%%

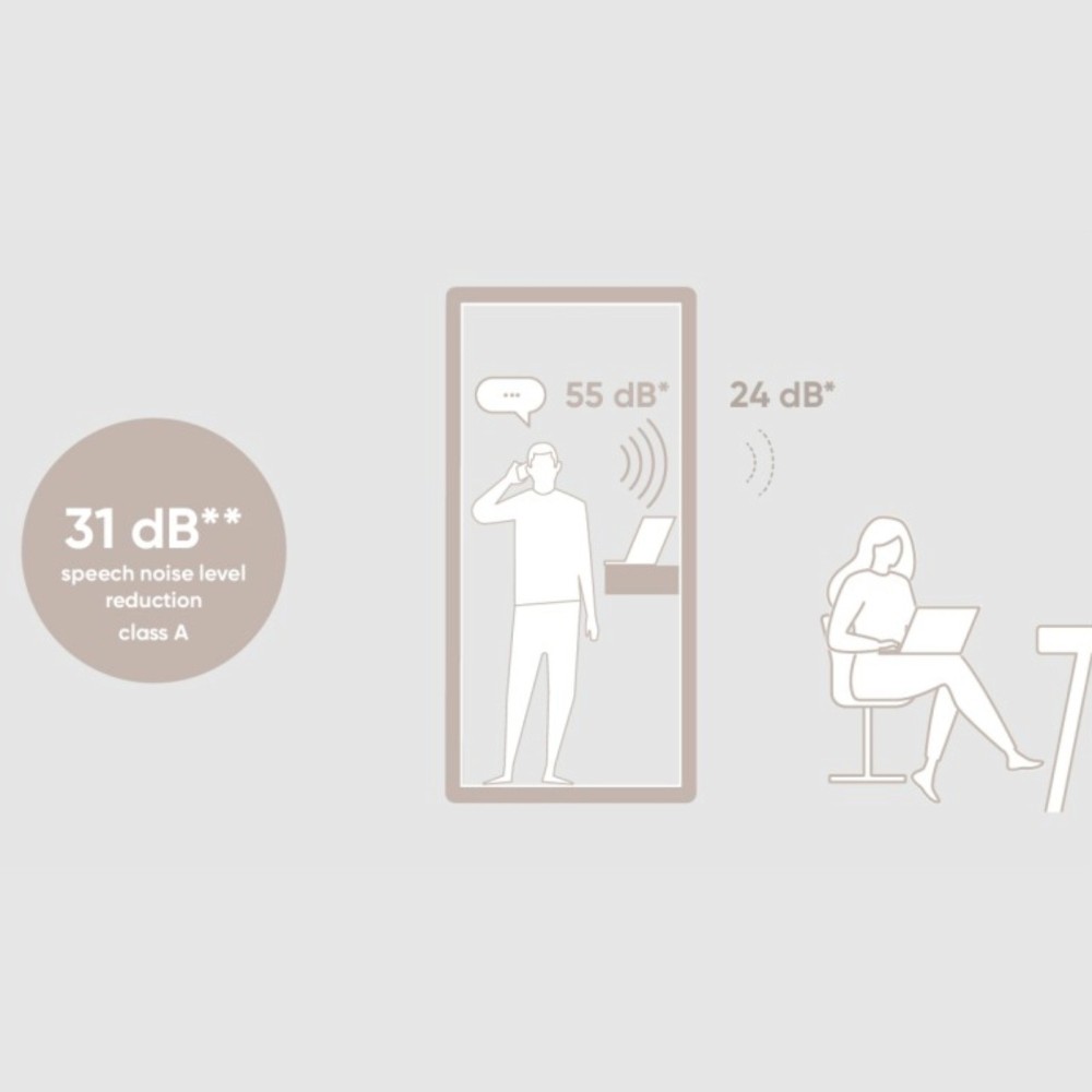 Grâce à une conception basée sur les standards les plus exigeants, la cabine réduit efficacement les sons de la parole (classe A selon la norme ISO 3382-3:2012). Les tests acoustiques démontrent une réduction de 55 dB à 21–24 dB, garantissant une confidentialité optimale. Les conversations menées à l’intérieur ne perturbent pas le travail des autres collaborateurs, tout en préservant le confort sonore ambiant.
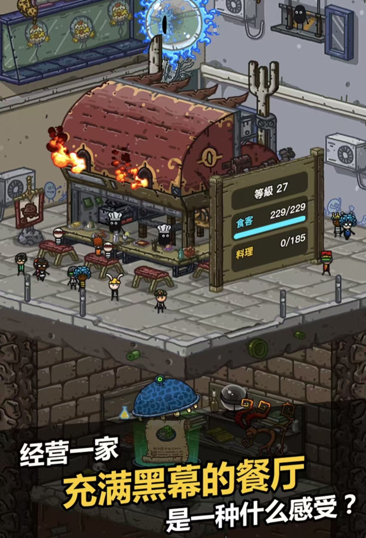 模拟经营类暗黑题材创新之作,玩家经营面向异种生物的禁忌餐厅。食材系统包含活体菌毯、眼球凝胶、骸骨粉等非常规原料,菜谱存在隐性合成逻辑——特定组合触发隐藏料理与顾客特殊反应。场景含表层市集与深层地窟双层结构,地窟区域需应对随机生成陷阱与守卫怪物,产出稀有厨具与食谱残卷。
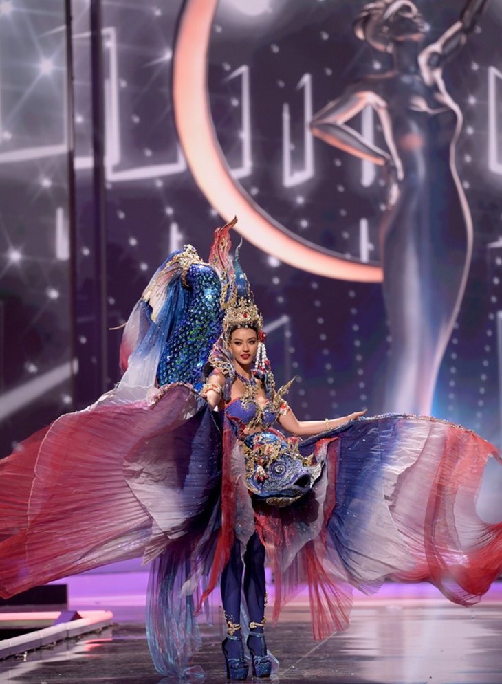Hoa hậu Thái Lan diện thiết kế hình cáĐiển hình như hoa hậu Thái Lan diện hẳn một thiết kế hình cá lộng lẫy, hay hoa hậu Indonesia chọn thiết kế rồng đất, hoa hậu Campuchia lại mạnh mẽ trong trang phục chiến binh...
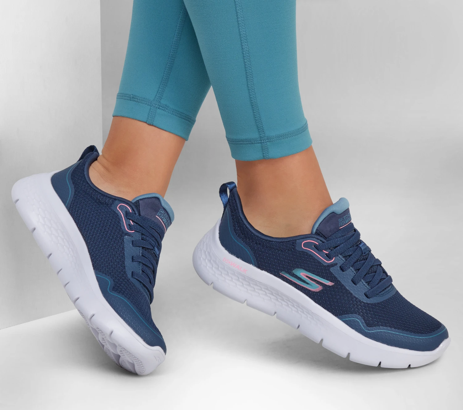 Meet your step goals in superior comfort and flexibility wearing Skechers GO WALK® Flex – Night Galaxy. This vegan athletic lace-up features an engineered mesh upper with a breathable Skechers Air-Cooled Goga Mat insole and lightweight ULTRA GO® cushioning.
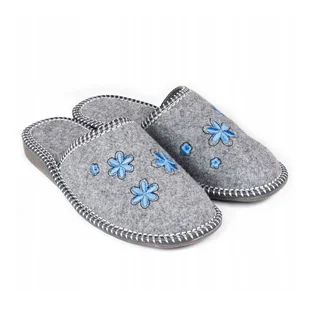 Kapcie damskie R.41 filcowe szare ciepłe i wygodne z haftem kwiatowym KD-08-NB-41
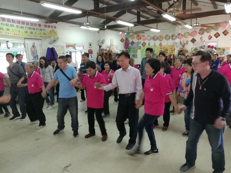 參訪團(tuán)一行與六龜區(qū)老濃社區(qū)居民共同游戲、跳舞
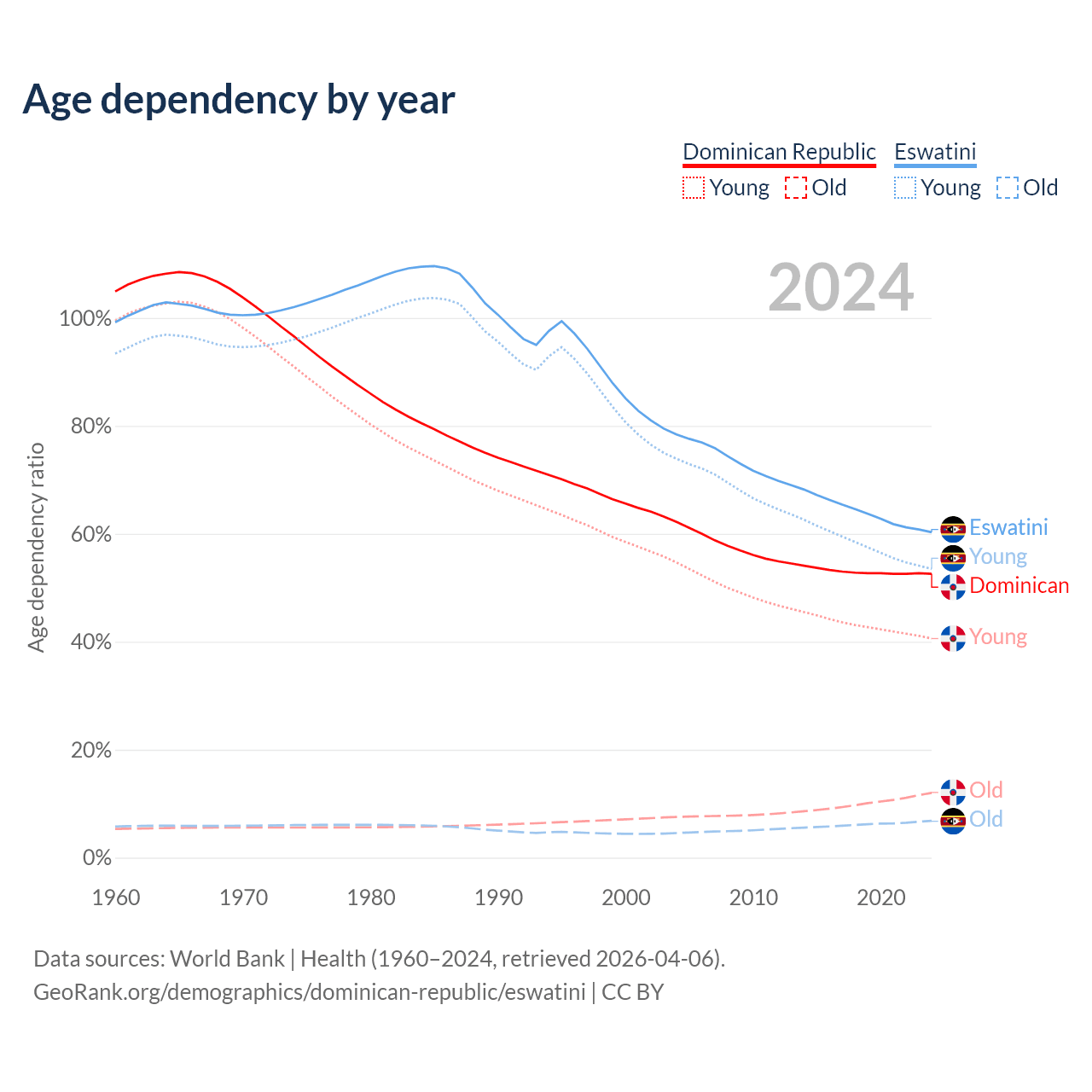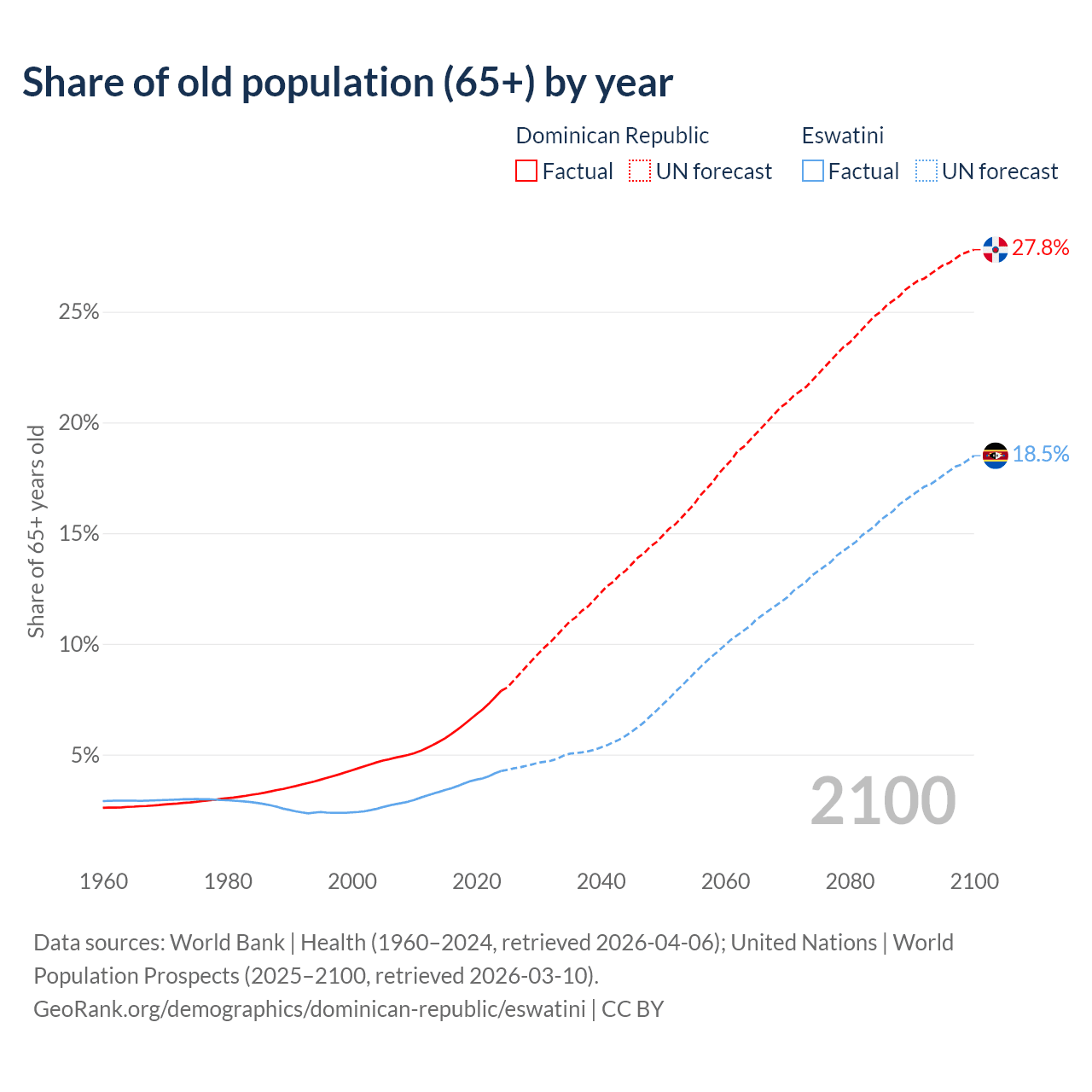 - The share of old-age demographic (65+) in the Dominican Republic is 7.88% vs 4.26% in Eswatini.

%%

Goal of the exercise = Reproduce the listing above exactly from the line containing "模拟经营类暗黑题材创新之作,玩家经营面向" up to and including the line containing "Hoa hậu Thái Lan diện thiết", omitting any images and everything outside those lines.

Response to this task =
 模拟经营类暗黑题材创新之作,玩家经营面向异种生物的禁忌餐厅。食材系统包含活体菌毯、眼球凝胶、骸骨粉等非常规原料,菜谱存在隐性合成逻辑——特定组合触发隐藏料理与顾客特殊反应。场景含表层市集与深层地窟双层结构,地窟区域需应对随机生成陷阱与守卫怪物,产出稀有厨具与食谱残卷。
Hoa hậu Thái Lan diện thiết kế hình cáĐiển hình như hoa hậu Thái Lan diện hẳn một thiết kế hình cá lộng lẫy, hay hoa hậu Indonesia chọn thiết kế rồng đất, hoa hậu Campuchia lại mạnh mẽ trong trang phục chiến binh...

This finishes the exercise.